Cosi nel marzo del 2006 gli viene affidato un nuovo programma televisivo di approfondimento incentrato sul tema politico del «dopo elezioni» dal titolo Annozero. Avrebbe dovuto durare undici puntate e invece è durato leggermente di più facendo un bel po’ di casino. E così lui Michele l’intenditore ha sempre giocato il ruolo del martire, si è compiaciuto nel cucirsi addosso il saio del perseguitato del fustigato, del reietto. Quel suo allargare le braccia abituale, come se si preparasse, da un momento all’altro alla crocifissione in mondovisione, quel suo peregrinare aventi e indietro per lo studio come se fosse indeciso se intraprendere o no il cammino che l’avrebbe condotto sul Golgota di Palazzo Chigi.

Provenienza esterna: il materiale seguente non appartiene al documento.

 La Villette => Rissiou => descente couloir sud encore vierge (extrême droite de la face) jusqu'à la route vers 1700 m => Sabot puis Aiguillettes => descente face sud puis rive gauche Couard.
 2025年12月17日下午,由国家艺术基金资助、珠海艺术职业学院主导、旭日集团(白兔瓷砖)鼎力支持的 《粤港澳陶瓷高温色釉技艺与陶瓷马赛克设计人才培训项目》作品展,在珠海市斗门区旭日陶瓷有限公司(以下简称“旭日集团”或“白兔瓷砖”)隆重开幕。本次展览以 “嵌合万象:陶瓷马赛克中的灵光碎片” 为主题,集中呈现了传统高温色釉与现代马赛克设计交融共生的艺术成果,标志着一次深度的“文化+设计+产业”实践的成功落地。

Dove ad attenderlo per inchiodarlo avrebbe, ovviamente, trovato un Cavaliere nero. Il solito Cavaliere nero colpevole di tutte le malefatte, dalle guerre puniche in poi, evidenziate, acclarate, intercettate, sputtanate solo e sempre grazie a lui e agli altri due aspiranti martiri di Annozero. Che, uno leggendo il taccuino della spesa e l’altro disegnando vignette, continuano a sognare, inutilmente, di essere crocifissi accanto a Michele. Uno alla sua sinistra, e uno alla sua destra. Proprio come è già accaduto, duemila anni fa a qualcuno di vagamente più di noto di loro. Ma allora, sfortunatamente, non c’era la tv.

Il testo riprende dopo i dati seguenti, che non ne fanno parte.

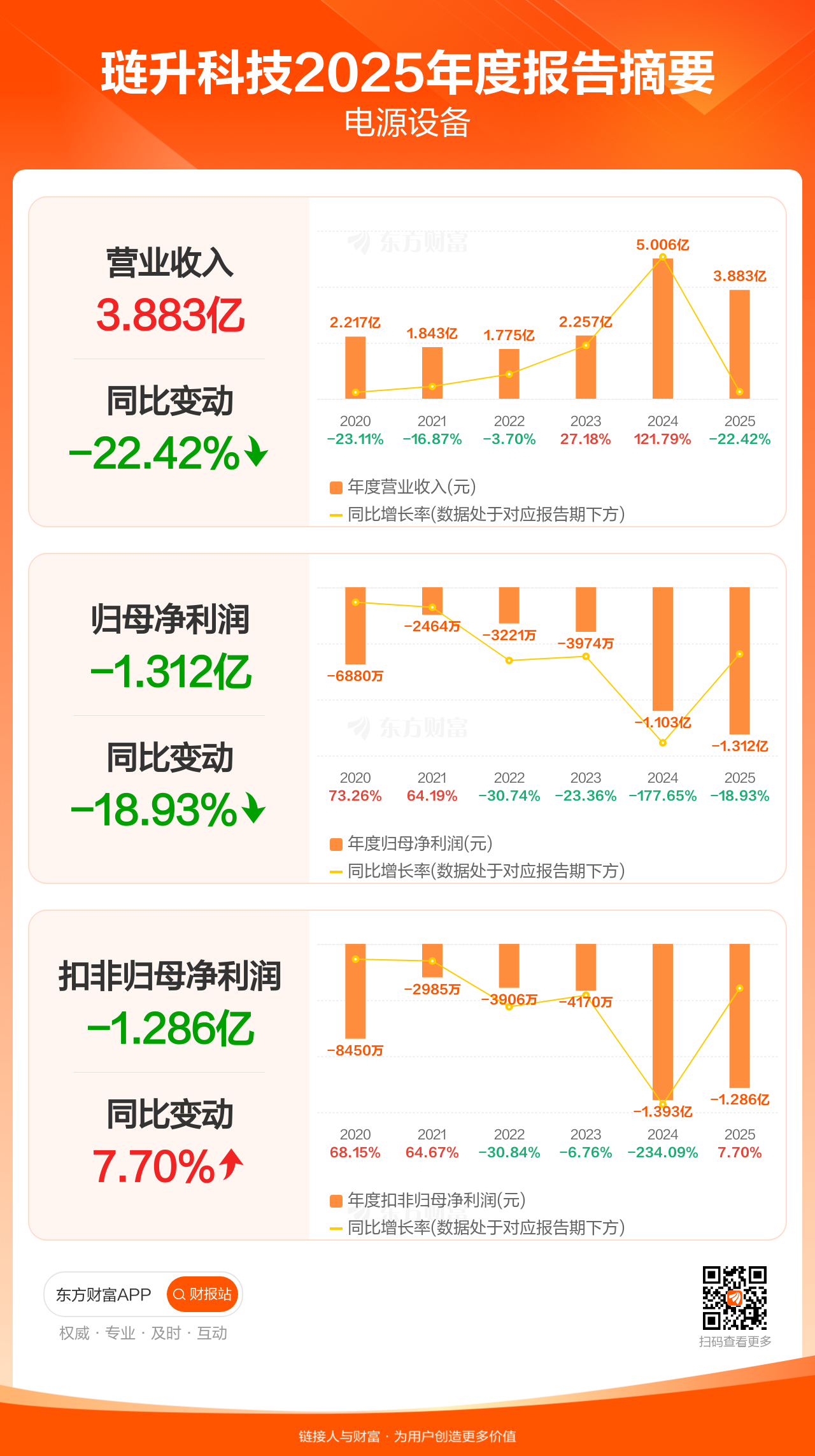 琏升科技4月29日发布2025年年报显示,公司全年实现营业收入3.88亿元,同比下滑22.42%;归母净利润-1.31亿元;扣非归母净利润-1.29亿元。

E se c’è non la tv, se non ci sono le telecamere e i microfoni di Annozero come i Santoro boys ci insegnano e ci hanno sempre insegnato, la notizia non è una notizia.

Far passare dunque il messaggio che Santoro si debba scrivere d’ora in avanti Sant’Oro (e non solo per le liquidazioni, le cause vinte, la buonuscita e il nuovo sfavillante ingaggio del suo nuovo editore Telecom) ci sembra francamente un po’ sporca. Meglio continuare a scrivere Santoro tutto attaccato. E ascoltare i suoi prossimi sermoni senza più tempestare la Rai di disdette e insulti per «leso servizio pubblico».